The antioxidant additive is used to improve the oxidation resistance of the resin material. A material type of the antioxidant additive is at least one material selected from a group consisting of a hindered phenolic antioxidant and a phosphite-based antioxidant.
[Manufacturing Method of Injection-Molded Polyvinyl Chloride Pipe]
The above description relates to the composition of the injection-molded polyvinyl chloride pipe according to the embodiments of the present disclosure. In the following description, a manufacturing method of the injection-molded polyvinyl chloride pipe will be illustrated according to the embodiments of the present disclosure.
The manufacturing method of the injection-molded polyvinyl chloride pipe provided in one embodiment of the present disclosure includes steps S110 to S130. It should be noted that a sequence and an actual operation of the steps described in this embodiment can be adjusted as necessary and are not limited to those described herein.
The step S110 includes: adding the composition of the injection-molded polyvinyl chloride pipe into the hot mixer, and performing a mixing operation with high-speed stirring between 500 RPM and 1,500 RPM and at a heating temperature between 100° C. and 120° C., so as to form a first mixture.
The step S120 includes: adding the first mixture into the cold mixer for further stirring, reducing a temperature of the first mixture to a cooling temperature between 35° C. and 50° C., and cooling the first mixture to form a second mixture.
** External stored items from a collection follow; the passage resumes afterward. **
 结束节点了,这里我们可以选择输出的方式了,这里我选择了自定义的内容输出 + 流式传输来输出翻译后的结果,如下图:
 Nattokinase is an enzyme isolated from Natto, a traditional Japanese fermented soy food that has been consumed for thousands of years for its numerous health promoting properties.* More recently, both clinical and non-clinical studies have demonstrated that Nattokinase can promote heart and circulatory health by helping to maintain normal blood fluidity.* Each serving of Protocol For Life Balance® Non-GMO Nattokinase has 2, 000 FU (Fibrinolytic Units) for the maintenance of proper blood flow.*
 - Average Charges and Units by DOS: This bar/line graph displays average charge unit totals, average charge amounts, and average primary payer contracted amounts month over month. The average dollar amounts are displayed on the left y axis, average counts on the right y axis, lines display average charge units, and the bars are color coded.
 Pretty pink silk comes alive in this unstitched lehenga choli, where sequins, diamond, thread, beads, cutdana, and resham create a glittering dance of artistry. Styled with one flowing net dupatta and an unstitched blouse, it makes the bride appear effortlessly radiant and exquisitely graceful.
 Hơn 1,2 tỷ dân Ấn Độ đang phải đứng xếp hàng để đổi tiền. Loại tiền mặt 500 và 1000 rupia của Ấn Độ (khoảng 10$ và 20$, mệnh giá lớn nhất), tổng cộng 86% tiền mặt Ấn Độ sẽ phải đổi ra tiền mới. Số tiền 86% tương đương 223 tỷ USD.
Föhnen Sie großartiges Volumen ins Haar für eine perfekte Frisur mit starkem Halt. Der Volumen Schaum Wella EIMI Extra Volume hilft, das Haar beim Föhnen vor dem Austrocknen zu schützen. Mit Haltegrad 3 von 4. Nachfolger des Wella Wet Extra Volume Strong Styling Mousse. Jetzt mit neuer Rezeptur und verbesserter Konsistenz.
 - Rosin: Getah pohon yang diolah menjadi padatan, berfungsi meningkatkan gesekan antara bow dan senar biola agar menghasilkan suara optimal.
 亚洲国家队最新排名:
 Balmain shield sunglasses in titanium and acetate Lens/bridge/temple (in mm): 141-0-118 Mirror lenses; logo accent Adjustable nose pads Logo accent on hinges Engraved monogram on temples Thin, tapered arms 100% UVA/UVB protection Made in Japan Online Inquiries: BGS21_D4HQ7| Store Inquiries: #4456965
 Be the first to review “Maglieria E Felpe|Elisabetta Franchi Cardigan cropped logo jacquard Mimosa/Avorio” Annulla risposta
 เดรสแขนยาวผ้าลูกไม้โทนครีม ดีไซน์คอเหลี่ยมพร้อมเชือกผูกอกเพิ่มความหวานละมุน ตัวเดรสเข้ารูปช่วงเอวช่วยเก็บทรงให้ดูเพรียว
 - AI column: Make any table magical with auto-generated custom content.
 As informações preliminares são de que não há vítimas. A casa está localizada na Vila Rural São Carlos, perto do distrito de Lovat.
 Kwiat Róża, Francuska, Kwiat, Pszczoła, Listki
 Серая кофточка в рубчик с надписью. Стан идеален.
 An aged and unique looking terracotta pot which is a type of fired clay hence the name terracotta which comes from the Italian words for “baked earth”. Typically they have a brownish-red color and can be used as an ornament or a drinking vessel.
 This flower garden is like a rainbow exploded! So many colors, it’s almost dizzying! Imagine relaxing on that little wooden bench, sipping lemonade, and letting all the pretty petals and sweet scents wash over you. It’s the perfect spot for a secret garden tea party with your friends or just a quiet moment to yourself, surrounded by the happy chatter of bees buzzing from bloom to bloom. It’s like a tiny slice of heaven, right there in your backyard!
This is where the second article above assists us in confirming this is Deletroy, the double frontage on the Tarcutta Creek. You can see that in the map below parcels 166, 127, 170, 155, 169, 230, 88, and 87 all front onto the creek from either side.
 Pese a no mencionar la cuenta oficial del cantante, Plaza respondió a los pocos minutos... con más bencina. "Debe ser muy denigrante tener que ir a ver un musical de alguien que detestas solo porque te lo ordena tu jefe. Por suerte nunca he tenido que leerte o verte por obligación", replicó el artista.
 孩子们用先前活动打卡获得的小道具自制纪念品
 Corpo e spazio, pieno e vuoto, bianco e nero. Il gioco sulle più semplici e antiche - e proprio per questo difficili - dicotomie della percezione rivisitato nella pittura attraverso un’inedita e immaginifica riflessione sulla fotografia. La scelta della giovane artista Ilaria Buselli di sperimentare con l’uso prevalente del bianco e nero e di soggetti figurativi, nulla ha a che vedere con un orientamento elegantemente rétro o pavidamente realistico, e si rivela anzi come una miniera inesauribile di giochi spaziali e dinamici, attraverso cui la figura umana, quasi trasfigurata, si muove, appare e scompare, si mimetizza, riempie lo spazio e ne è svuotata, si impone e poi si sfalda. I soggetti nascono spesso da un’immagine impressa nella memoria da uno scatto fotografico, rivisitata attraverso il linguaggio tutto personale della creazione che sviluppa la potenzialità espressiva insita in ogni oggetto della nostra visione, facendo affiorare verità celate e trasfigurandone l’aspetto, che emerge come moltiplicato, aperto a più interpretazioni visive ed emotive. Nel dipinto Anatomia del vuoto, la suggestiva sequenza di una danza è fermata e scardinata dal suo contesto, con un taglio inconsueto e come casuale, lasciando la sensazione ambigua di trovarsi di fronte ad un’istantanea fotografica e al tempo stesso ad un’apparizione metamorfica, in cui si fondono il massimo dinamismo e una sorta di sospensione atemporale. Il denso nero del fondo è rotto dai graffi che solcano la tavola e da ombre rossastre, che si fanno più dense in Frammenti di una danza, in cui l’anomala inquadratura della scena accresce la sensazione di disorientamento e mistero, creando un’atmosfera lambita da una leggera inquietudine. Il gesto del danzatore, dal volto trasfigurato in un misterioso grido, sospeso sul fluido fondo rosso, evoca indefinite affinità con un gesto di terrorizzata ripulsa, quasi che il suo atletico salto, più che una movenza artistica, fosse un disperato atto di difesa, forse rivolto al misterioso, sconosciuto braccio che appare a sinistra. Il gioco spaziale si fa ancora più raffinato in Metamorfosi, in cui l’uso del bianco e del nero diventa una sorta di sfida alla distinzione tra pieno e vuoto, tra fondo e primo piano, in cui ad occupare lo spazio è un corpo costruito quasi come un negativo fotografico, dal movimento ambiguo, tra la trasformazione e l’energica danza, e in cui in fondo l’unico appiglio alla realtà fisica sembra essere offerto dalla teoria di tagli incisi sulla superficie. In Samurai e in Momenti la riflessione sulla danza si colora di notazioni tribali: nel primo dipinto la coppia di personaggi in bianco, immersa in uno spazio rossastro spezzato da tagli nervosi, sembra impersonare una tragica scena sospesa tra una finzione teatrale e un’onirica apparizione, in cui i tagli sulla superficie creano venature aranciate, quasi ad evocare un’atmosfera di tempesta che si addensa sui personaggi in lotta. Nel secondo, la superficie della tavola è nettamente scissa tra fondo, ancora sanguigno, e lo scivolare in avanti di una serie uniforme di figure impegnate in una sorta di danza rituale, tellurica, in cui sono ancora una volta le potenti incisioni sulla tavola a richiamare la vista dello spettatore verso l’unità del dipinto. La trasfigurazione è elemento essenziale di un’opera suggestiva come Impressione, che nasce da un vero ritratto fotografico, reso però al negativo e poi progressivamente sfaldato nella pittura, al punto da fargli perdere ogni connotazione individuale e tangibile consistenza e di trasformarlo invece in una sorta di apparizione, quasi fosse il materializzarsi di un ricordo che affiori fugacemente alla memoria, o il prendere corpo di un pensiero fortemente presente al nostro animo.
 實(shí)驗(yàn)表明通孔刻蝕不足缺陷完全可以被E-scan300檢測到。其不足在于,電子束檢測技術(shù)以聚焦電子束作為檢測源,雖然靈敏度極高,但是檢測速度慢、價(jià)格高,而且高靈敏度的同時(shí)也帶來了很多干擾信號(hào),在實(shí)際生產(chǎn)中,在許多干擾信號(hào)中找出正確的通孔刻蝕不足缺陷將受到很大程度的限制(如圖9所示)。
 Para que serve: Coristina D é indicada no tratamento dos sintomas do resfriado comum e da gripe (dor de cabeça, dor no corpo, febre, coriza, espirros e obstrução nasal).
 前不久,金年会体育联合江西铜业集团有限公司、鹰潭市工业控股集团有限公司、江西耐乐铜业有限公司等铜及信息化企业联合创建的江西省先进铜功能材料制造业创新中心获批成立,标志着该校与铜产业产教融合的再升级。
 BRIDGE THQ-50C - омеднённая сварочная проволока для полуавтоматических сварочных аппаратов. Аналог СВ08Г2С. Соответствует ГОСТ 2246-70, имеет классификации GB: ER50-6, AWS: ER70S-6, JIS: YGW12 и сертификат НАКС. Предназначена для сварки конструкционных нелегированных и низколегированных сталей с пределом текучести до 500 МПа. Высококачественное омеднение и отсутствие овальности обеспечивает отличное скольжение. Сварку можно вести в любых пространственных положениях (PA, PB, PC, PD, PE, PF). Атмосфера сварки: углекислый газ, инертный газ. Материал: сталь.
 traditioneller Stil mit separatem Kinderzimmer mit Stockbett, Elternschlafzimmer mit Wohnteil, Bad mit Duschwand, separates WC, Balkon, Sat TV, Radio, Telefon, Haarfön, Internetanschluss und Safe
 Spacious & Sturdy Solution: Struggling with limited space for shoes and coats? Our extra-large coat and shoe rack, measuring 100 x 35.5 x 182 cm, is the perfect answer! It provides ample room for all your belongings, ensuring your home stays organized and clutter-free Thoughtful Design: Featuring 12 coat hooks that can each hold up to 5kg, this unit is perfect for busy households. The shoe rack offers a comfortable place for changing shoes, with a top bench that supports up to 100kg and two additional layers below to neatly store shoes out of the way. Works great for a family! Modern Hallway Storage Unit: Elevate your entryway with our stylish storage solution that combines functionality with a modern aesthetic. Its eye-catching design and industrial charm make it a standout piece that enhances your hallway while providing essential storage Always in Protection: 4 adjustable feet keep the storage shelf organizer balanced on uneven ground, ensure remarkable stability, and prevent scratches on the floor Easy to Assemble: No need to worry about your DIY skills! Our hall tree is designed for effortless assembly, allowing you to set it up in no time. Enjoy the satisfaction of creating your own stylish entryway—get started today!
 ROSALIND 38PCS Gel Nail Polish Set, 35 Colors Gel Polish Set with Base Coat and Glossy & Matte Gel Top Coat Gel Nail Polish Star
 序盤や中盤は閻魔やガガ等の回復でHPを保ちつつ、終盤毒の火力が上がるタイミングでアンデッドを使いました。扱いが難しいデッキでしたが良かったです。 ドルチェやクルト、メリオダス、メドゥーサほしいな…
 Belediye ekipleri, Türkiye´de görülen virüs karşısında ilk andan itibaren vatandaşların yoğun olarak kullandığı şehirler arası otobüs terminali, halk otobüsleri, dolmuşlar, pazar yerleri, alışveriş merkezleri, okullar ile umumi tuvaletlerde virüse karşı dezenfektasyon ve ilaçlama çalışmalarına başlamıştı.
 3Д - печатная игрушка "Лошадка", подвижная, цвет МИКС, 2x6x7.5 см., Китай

The step S130 includes: feeding the second mixture into the injection molding machine, in which the second mixture is injection molded at a melting temperature between 160° C. and 190° C., and then undergoes an injection and pressure holding process, a cooling and shaping process, a product take-out process, and a gate trimming process, so as to obtain the injection-molded polyvinyl chloride pipe. The injection-molded polyvinyl chloride pipe has a low flame retardant amount, a high flame retardant property, and a low smoke emission. In addition, advantages of the injection-molded polyvinyl chloride pipe include having a good appearance, being low in cost, having excellent mechanical properties, etc.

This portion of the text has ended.